Baked Smothered Pork Chops With Onion Gravy

4 6-oz. Boneless pork chops

1 tsp Seal salt

1/4 tsp Black pepper

Garlic powder and onion powder to taste

2 Tbsp Olive oil

1 large Onions, sliced into then half moons

2 cloves of Garlic, minced

1 Tbsp Fresh thyme

1 cup Chicken broth

1.5 oz Cream cheese, cut into small chunks

Season the pork chops on both sides with seal salt, garlic powder, onion powder, and pepper.

Heat the olive oil in a dutch oven or iron skillet over medium-high heat. Add the pork chops and sear on both sides, about 3 minutes per side without moving, until browned. Transfer the pork chops to a plate and set aside.

Reduce the heat to medium-low or medium. Using the same pan, saute the slice onions for 15-20 minutes, until caramelized.

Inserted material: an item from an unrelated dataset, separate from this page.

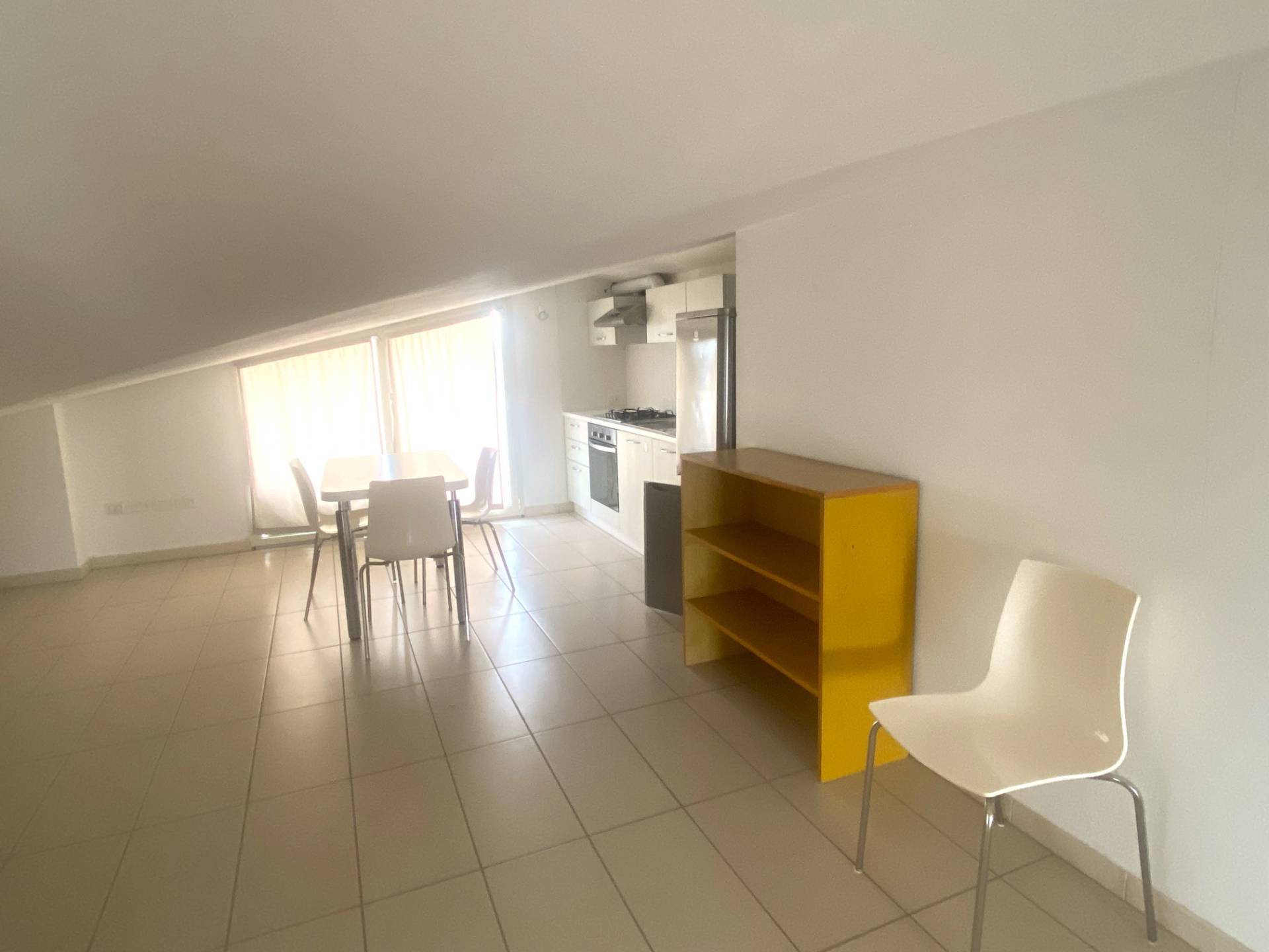 All'ingresso di Elmas nella nuova zona residenziale Vi proponiamo in affitto un grazioso monovano mansardato al 2° piano con ascensore di recente realizzazone, composto da un ambiente unico totalmente aperto di mq. 100 con zona cottura, soggiorno, camera da letto e bagno.

Once the onions are caramelized, preheat the oven to 375 degrees F.

Add the minced garlic and thyme leaves to the dutch oven. Saute for about a minute, until fragrant.

Add the chicken broth to the pan. Scape any browned bits from the bottom of the pan. Bring to a gentle boil, then simmer for about 2-3 minutes, until it gets thicker and the volume is reduced by a least 1/4.

Remove from heat. Add the cream cheese. Stir in the cream cheese until it melts into the sauce.

Return the pork chops to the pan and spoon the sauce and onions over them. Cover with a lid and bake for 20-25 minutes,until cooked through. (Time will vary depending on the thickness of your pork chops- use a thermometer to check and cook to 145 degrees F.